**Exercise brief:** For the entries below, repeat exactly each line starting with the one that contains "M59403 베이지 이" and going on through the one that contains "手板加工 百度(PC)自然排名第1名", and no others.

**Data provided:**
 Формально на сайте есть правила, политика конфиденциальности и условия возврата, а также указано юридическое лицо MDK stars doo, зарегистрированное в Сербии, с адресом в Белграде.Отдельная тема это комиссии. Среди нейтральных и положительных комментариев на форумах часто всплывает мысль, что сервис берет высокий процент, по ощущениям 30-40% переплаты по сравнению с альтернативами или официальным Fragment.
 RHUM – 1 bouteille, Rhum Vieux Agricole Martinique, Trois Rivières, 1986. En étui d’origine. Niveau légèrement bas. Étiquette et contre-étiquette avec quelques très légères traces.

---

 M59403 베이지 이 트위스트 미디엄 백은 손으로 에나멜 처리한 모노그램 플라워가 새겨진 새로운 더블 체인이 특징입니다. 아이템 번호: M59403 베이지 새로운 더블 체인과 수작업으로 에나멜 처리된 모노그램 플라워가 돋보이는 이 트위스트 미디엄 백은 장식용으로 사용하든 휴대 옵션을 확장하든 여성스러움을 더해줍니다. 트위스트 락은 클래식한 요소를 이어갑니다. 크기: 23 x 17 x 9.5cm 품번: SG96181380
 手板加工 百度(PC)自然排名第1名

**Output below:**
 M59403 베이지 이 트위스트 미디엄 백은 손으로 에나멜 처리한 모노그램 플라워가 새겨진 새로운 더블 체인이 특징입니다. 아이템 번호: M59403 베이지 새로운 더블 체인과 수작업으로 에나멜 처리된 모노그램 플라워가 돋보이는 이 트위스트 미디엄 백은 장식용으로 사용하든 휴대 옵션을 확장하든 여성스러움을 더해줍니다. 트위스트 락은 클래식한 요소를 이어갑니다. 크기: 23 x 17 x 9.5cm 품번: SG96181380
 手板加工 百度(PC)自然排名第1名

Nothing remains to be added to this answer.